Try it: Begin your copy at the line with "4 Direct Admission" in the records below and end it at the line with "Tijdens de Internationale", restating each line word for word; omit the pictures.

Available data:
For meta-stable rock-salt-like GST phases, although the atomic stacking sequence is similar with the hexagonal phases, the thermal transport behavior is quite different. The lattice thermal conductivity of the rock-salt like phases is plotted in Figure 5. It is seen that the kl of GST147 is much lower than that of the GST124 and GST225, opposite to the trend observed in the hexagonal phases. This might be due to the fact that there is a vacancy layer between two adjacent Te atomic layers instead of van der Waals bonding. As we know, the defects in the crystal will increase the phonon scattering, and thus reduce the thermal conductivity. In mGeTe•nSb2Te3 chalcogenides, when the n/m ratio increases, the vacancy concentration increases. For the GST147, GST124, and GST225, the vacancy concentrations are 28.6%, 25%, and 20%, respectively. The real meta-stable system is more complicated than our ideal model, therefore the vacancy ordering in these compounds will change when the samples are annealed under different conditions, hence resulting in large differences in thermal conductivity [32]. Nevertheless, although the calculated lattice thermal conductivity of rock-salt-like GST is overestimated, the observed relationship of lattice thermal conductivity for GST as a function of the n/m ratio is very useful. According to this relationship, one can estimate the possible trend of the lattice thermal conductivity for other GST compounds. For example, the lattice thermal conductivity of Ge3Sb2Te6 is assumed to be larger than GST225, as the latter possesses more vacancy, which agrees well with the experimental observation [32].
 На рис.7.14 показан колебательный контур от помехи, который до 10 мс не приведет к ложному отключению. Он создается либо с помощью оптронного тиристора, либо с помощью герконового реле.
==
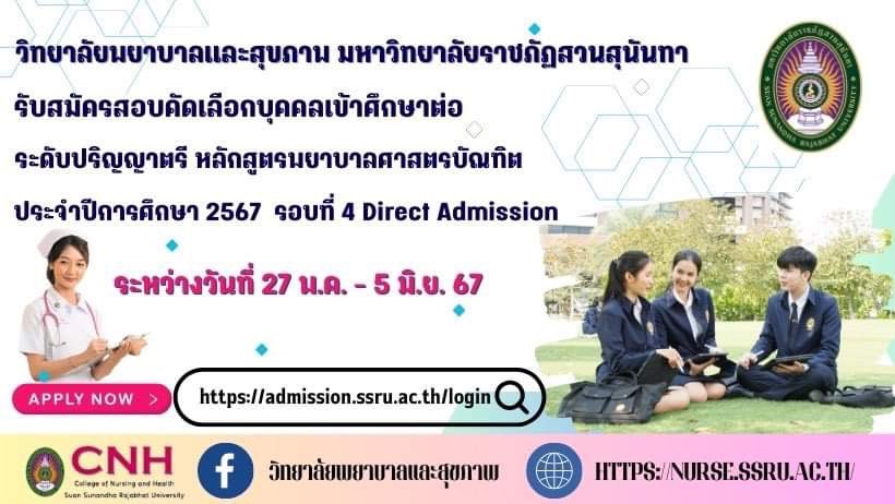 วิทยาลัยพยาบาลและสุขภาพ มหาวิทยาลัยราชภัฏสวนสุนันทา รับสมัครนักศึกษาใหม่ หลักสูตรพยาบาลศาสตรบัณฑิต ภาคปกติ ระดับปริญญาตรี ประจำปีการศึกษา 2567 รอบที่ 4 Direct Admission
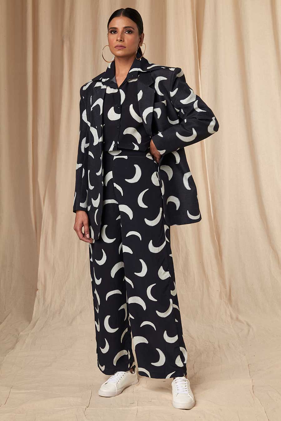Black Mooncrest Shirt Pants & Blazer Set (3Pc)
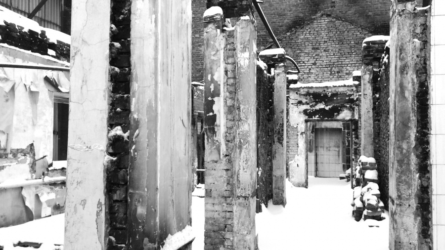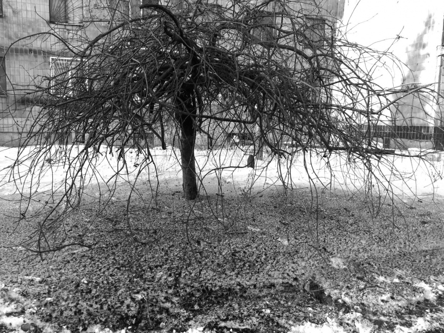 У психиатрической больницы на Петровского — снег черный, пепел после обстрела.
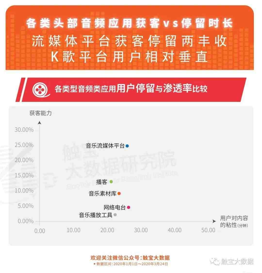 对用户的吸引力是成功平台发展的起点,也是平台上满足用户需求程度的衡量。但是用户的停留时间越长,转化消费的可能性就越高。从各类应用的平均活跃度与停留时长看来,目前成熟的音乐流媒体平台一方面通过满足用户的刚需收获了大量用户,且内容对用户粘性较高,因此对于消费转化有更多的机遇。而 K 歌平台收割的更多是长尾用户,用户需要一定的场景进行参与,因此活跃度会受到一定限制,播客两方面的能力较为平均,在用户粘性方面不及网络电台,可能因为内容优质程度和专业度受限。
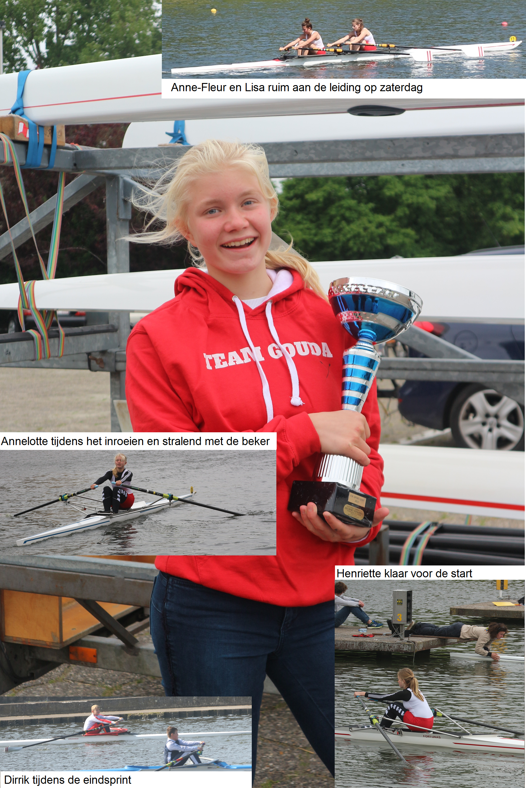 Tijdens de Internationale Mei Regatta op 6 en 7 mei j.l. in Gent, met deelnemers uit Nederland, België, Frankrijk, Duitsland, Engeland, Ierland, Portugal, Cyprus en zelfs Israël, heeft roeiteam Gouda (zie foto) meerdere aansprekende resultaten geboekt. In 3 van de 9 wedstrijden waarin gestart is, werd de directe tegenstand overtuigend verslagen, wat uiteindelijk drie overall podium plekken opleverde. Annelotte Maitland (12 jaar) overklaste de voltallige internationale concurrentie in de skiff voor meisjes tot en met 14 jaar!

Task output:
 วิทยาลัยพยาบาลและสุขภาพ มหาวิทยาลัยราชภัฏสวนสุนันทา รับสมัครนักศึกษาใหม่ หลักสูตรพยาบาลศาสตรบัณฑิต ภาคปกติ ระดับปริญญาตรี ประจำปีการศึกษา 2567 รอบที่ 4 Direct Admission
Black Mooncrest Shirt Pants & Blazer Set (3Pc)
 У психиатрической больницы на Петровского — снег черный, пепел после обстрела.
 对用户的吸引力是成功平台发展的起点,也是平台上满足用户需求程度的衡量。但是用户的停留时间越长,转化消费的可能性就越高。从各类应用的平均活跃度与停留时长看来,目前成熟的音乐流媒体平台一方面通过满足用户的刚需收获了大量用户,且内容对用户粘性较高,因此对于消费转化有更多的机遇。而 K 歌平台收割的更多是长尾用户,用户需要一定的场景进行参与,因此活跃度会受到一定限制,播客两方面的能力较为平均,在用户粘性方面不及网络电台,可能因为内容优质程度和专业度受限。
 Tijdens de Internationale Mei Regatta op 6 en 7 mei j.l. in Gent, met deelnemers uit Nederland, België, Frankrijk, Duitsland, Engeland, Ierland, Portugal, Cyprus en zelfs Israël, heeft roeiteam Gouda (zie foto) meerdere aansprekende resultaten geboekt. In 3 van de 9 wedstrijden waarin gestart is, werd de directe tegenstand overtuigend verslagen, wat uiteindelijk drie overall podium plekken opleverde. Annelotte Maitland (12 jaar) overklaste de voltallige internationale concurrentie in de skiff voor meisjes tot en met 14 jaar!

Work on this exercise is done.